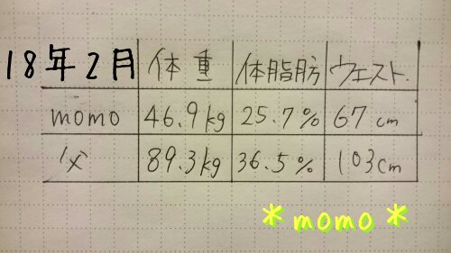 母は標準的なおばさん体型といった感じで体脂肪が多目なようです。でも自分よりも筋肉量が多いみたいで、これはお互いに意外でした。
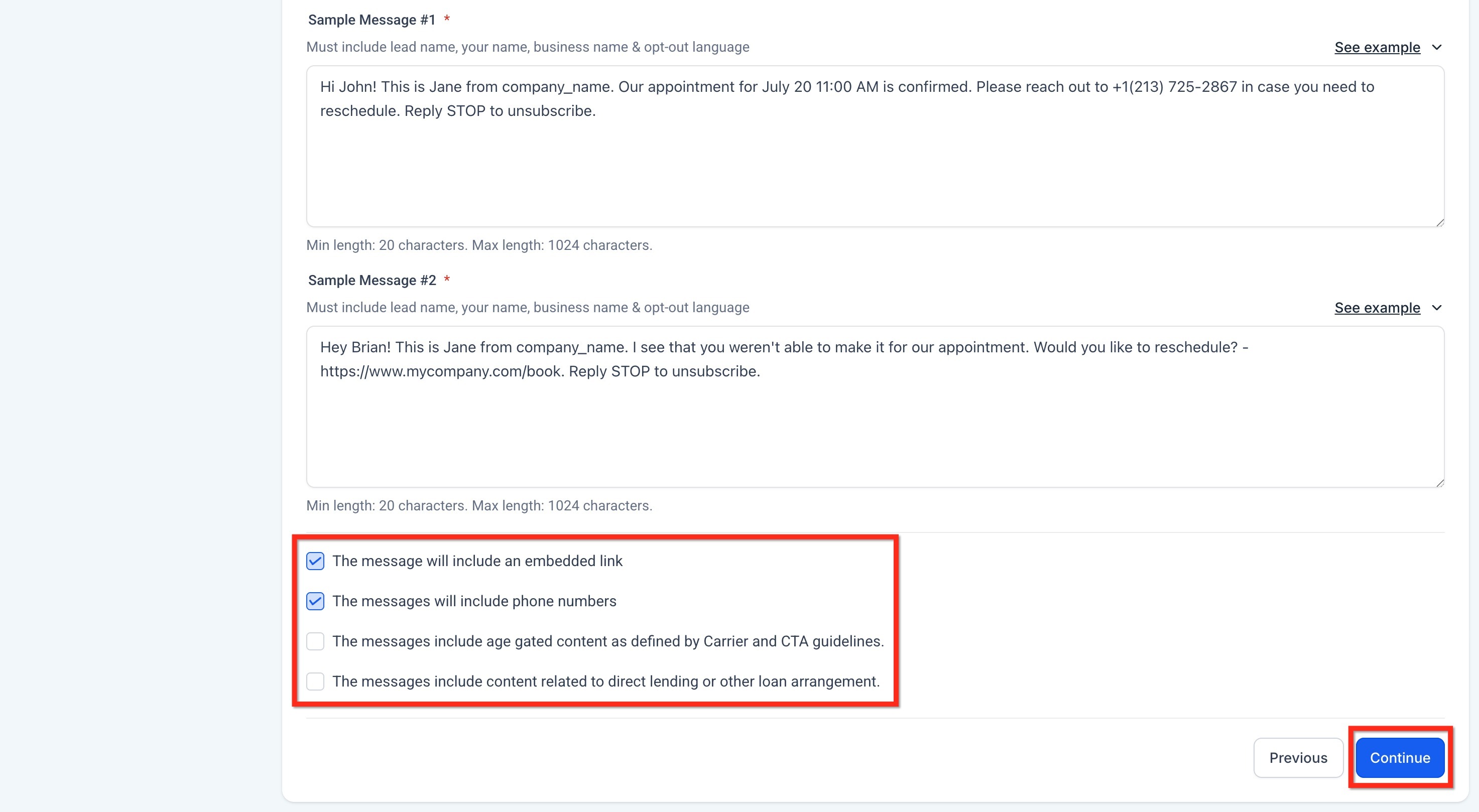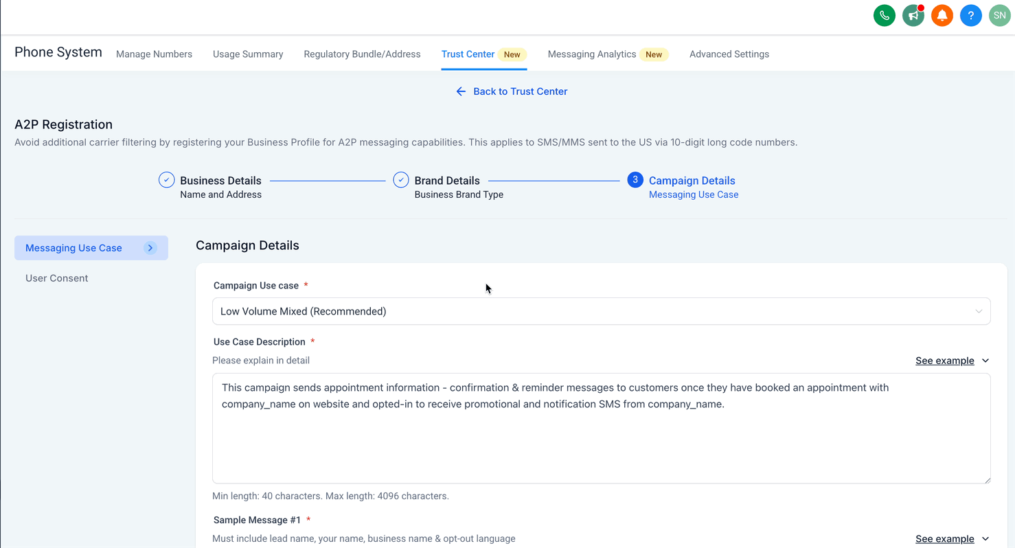 Note: If you have an EIN but use a different brand name, include “We are doing DBA as [Business_Name]” in the Campaign Use Case Description. You can register up to 10 brands per EIN.- Add Sample Message #1 & #2
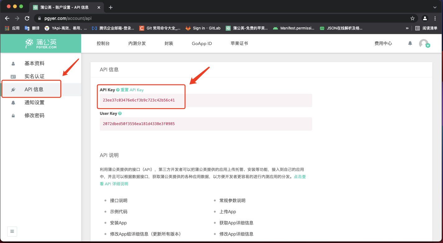 1、首先需要填写您的「APIKEY」,可以通过点击“点击获取”跳转到我们蒲公英网页获取参数。(必填)
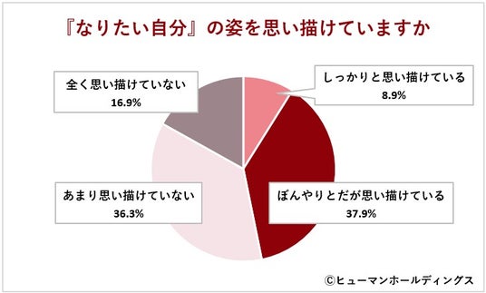 「なりたい自分の姿を思い描けていますか」という質問に対して、思い描けていると回答したのは46.8%でした(「しっかりと思い描けている」(8.9%)と「ぼんやりとだが思い描けている」(37.9%)の合計値)。
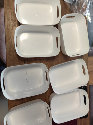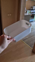 Размер одного контейнера 20*14*7 см. Органайзеры для мелочей IKEA могут использоваться для хранения и организации различных предметов, выполнены в минималистичном стиле. Контейнер для хранения – это отличный способ сохранить порядок в ванной комнате, на кухне или на туалетном столике. Его глянцевая поверхность не впитывает запахи и легко моется. Коробки оснащены удобными ручками и фиксаторами на дне, благодаря которым они не скользят на поверхности. Органайзер кухонный можно использовать в холодильнике. Органайзер для кухни имеет универсальный размер, что позволяет создать компактную систему хранения. В косметический контейнер можно аккуратно сложить косметику, кисти для макияжа, баночки с кремами и флаконы с духами. Используйте бокс для хранения женских аксессуаров, бижутерии, лаков для маникюра или иных маникюрных принадлежностей. Органайзер для лекарств изготовлен из полипропилена, который устойчив к сколам и трещинам, гибкий и высокопрочный. Органайзер для ванной комнаты подходит для размещения полотенец и бытовой химии. Кейс можно использовать в детской комнате для организации пеленального столика, хранения подгузников, бутылок или игрушек. Их можно задействовать для хранения канцтоваров, документов, книг и тетрадей. Канцелярский органайзер наведет порядок на рабочем столе. Еще одно применение ящиков с ручками из пластика — использование для кухни и холодильника. Вы можете использовать кухонный органайзер для хранения лекарств, продуктов, специй и приправ и других необходимых мелочей, чтобы организовать порядок на кухне. Органайзер может быть установлен на полке, в шкафу, на столе или в ящике. Является идеальным решением для путешествий и пикников, позволяет организовать хранение еды, одежды, игрушек в дорожных условиях. Можно использовать как дачный кейс для хранения садовых предметов и рассад. Является аналогом контейнеров от бренда ИКЕЯ.
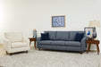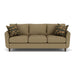 Retro Flair Add some mid-century modern chic to your living spaces with the Mia sofa. Rounded corners, sloped flare arms and tapered legs provide a classic retro feel, while soft lines and wide, plush boxed seat cushions invite you and your guests to unwind in total comfort. Mid-century modern style with soft curves Round tapered legs in a rich Florentine finish Removable and reversible seat and back cushions allow you to flip and rotate them for even wear Includes two accent pillows in your choice of fabric to match your personal style The patented Blue Steel Spring in the seat provides unmatched support and lasting comfort Sustainably sourced wood frame delivers exceptional durability Upholstered in your choice of fabric, including those with performance and sustainability characteristics Handcrafted in North America Model Number: 5727-31 Dimensions 37H x 88W x 36L
.....
▶ **What the task requires**
Can you repeat every record above exactly, apart from the pictures?

▶ **Written response**
 母は標準的なおばさん体型といった感じで体脂肪が多目なようです。でも自分よりも筋肉量が多いみたいで、これはお互いに意外でした。
 Note: If you have an EIN but use a different brand name, include “We are doing DBA as [Business_Name]” in the Campaign Use Case Description. You can register up to 10 brands per EIN.- Add Sample Message #1 & #2
 1、首先需要填写您的「APIKEY」,可以通过点击“点击获取”跳转到我们蒲公英网页获取参数。(必填)
 「なりたい自分の姿を思い描けていますか」という質問に対して、思い描けていると回答したのは46.8%でした(「しっかりと思い描けている」(8.9%)と「ぼんやりとだが思い描けている」(37.9%)の合計値)。
 Размер одного контейнера 20*14*7 см. Органайзеры для мелочей IKEA могут использоваться для хранения и организации различных предметов, выполнены в минималистичном стиле. Контейнер для хранения – это отличный способ сохранить порядок в ванной комнате, на кухне или на туалетном столике. Его глянцевая поверхность не впитывает запахи и легко моется. Коробки оснащены удобными ручками и фиксаторами на дне, благодаря которым они не скользят на поверхности. Органайзер кухонный можно использовать в холодильнике. Органайзер для кухни имеет универсальный размер, что позволяет создать компактную систему хранения. В косметический контейнер можно аккуратно сложить косметику, кисти для макияжа, баночки с кремами и флаконы с духами. Используйте бокс для хранения женских аксессуаров, бижутерии, лаков для маникюра или иных маникюрных принадлежностей. Органайзер для лекарств изготовлен из полипропилена, который устойчив к сколам и трещинам, гибкий и высокопрочный. Органайзер для ванной комнаты подходит для размещения полотенец и бытовой химии. Кейс можно использовать в детской комнате для организации пеленального столика, хранения подгузников, бутылок или игрушек. Их можно задействовать для хранения канцтоваров, документов, книг и тетрадей. Канцелярский органайзер наведет порядок на рабочем столе. Еще одно применение ящиков с ручками из пластика — использование для кухни и холодильника. Вы можете использовать кухонный органайзер для хранения лекарств, продуктов, специй и приправ и других необходимых мелочей, чтобы организовать порядок на кухне. Органайзер может быть установлен на полке, в шкафу, на столе или в ящике. Является идеальным решением для путешествий и пикников, позволяет организовать хранение еды, одежды, игрушек в дорожных условиях. Можно использовать как дачный кейс для хранения садовых предметов и рассад. Является аналогом контейнеров от бренда ИКЕЯ.
 Retro Flair Add some mid-century modern chic to your living spaces with the Mia sofa. Rounded corners, sloped flare arms and tapered legs provide a classic retro feel, while soft lines and wide, plush boxed seat cushions invite you and your guests to unwind in total comfort. Mid-century modern style with soft curves Round tapered legs in a rich Florentine finish Removable and reversible seat and back cushions allow you to flip and rotate them for even wear Includes two accent pillows in your choice of fabric to match your personal style The patented Blue Steel Spring in the seat provides unmatched support and lasting comfort Sustainably sourced wood frame delivers exceptional durability Upholstered in your choice of fabric, including those with performance and sustainability characteristics Handcrafted in North America Model Number: 5727-31 Dimensions 37H x 88W x 36L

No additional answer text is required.